What if the passenger had a schedule to fulfill? We have long learned that,
as a rule, a written document speaks a uniform language; that spoken word
could be notoriously unreliable. If only to achieve stability in the relations
between passenger and air carrier, adherence to the ticket so issued is
desirable. Such is the case here. The lower courts refused to believe the
oral evidence intended to defeat the covenants in the ticket.

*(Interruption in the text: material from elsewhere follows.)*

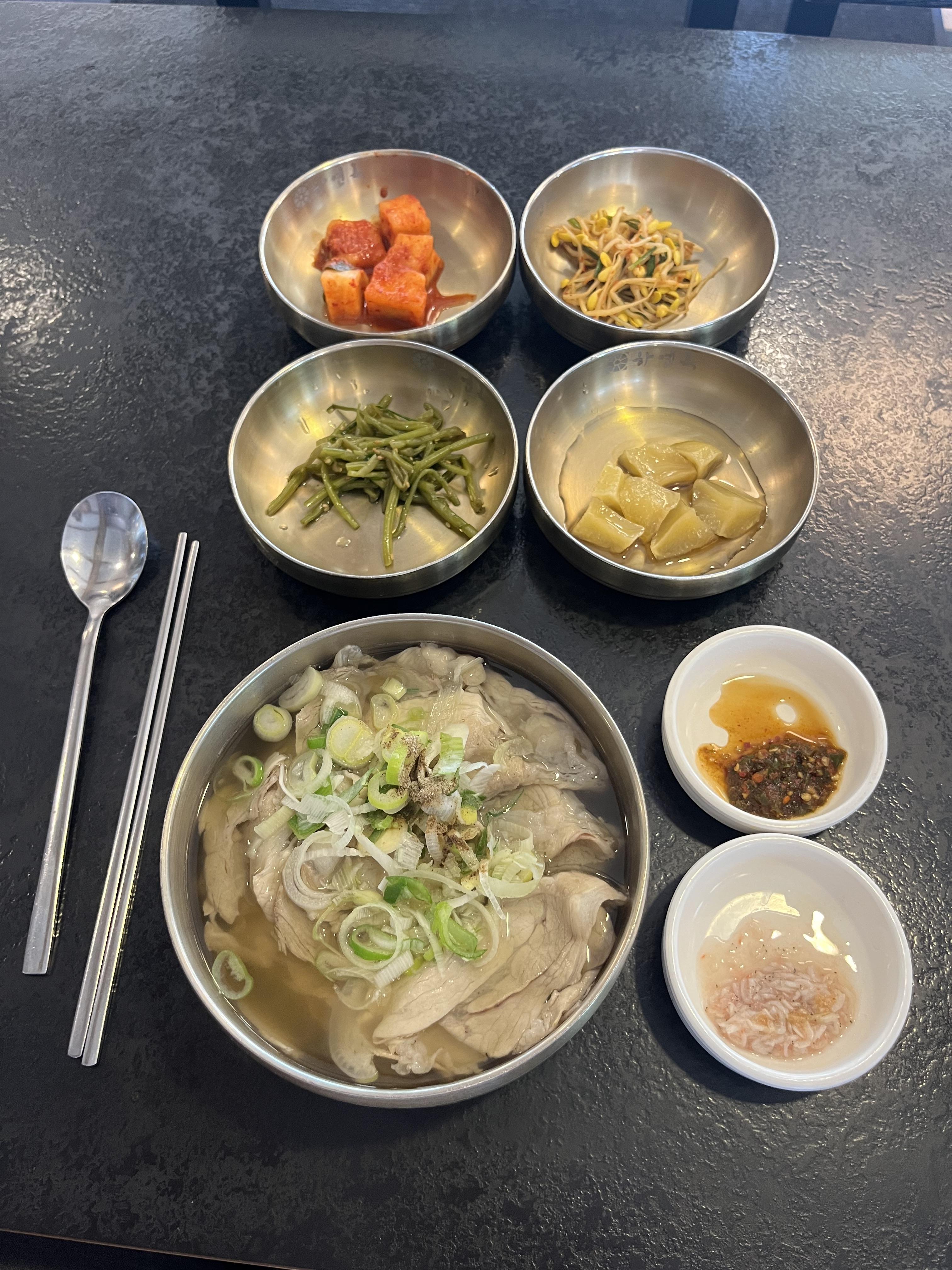 사실 <하연옥>에 오면 메뉴를 고민할 필요가 없습니다. 진주 물냉, 비냉 중에 하나를 고르고 육전을 추가하면 됩니다. 저도 처음 왔을 때 물냉면과 육전을 먹었었지요. 살짝 살얼음이 껴있는 물냉면은 지금 생각해도 침이 고이는 맛입니다. 구수하고 진한 육수에 육전까지 푸짐하게 올려져 있어 한 끼 식사로도 부족함이 없습니다. 하지만 며칠 째 속이 좀 불편했던 저는 밥이 먹고 싶었어요. 지역민에게 <하연옥>의 국밥류도 맛이 좋다는 이야기 이미 들어놨던 터라 망설임 없이 '지리산 흑돼지 맑은 곰탕'을 주문했습니다. 물론 손님들 대부분은 냉면과 육전을 드시고 계셨습니다.

The foregoing are the considerations which point to the conclusion that
there are facts upon which the Court of Appeals predicated the finding that
respondent Carrascoso had a first class ticket and was entitled to a first
class seat at Bangkok, which is a stopover in the Saigon to Beirut leg of the
flight. 27 We perceive no "welter of distortions by the Court of Appeals of
petitioner's statement of its position", as charged by petitioner. 28 Nor do
we subscribe to petitioner's accusation that respondent Carrascoso
"surreptitiously took a first class seat to provoke an issue". 29 And this
because, as petitioner states, Carrascoso went to see the Manager at his
office in Bangkok "to confirm my seat and because from Saigon I was told
again to see the Manager". 30
Why, then, was he allowed to take a first class seat in the plane at Bangkok,
if he had no seat? Or, if another had a better right to the seat?
04.
4.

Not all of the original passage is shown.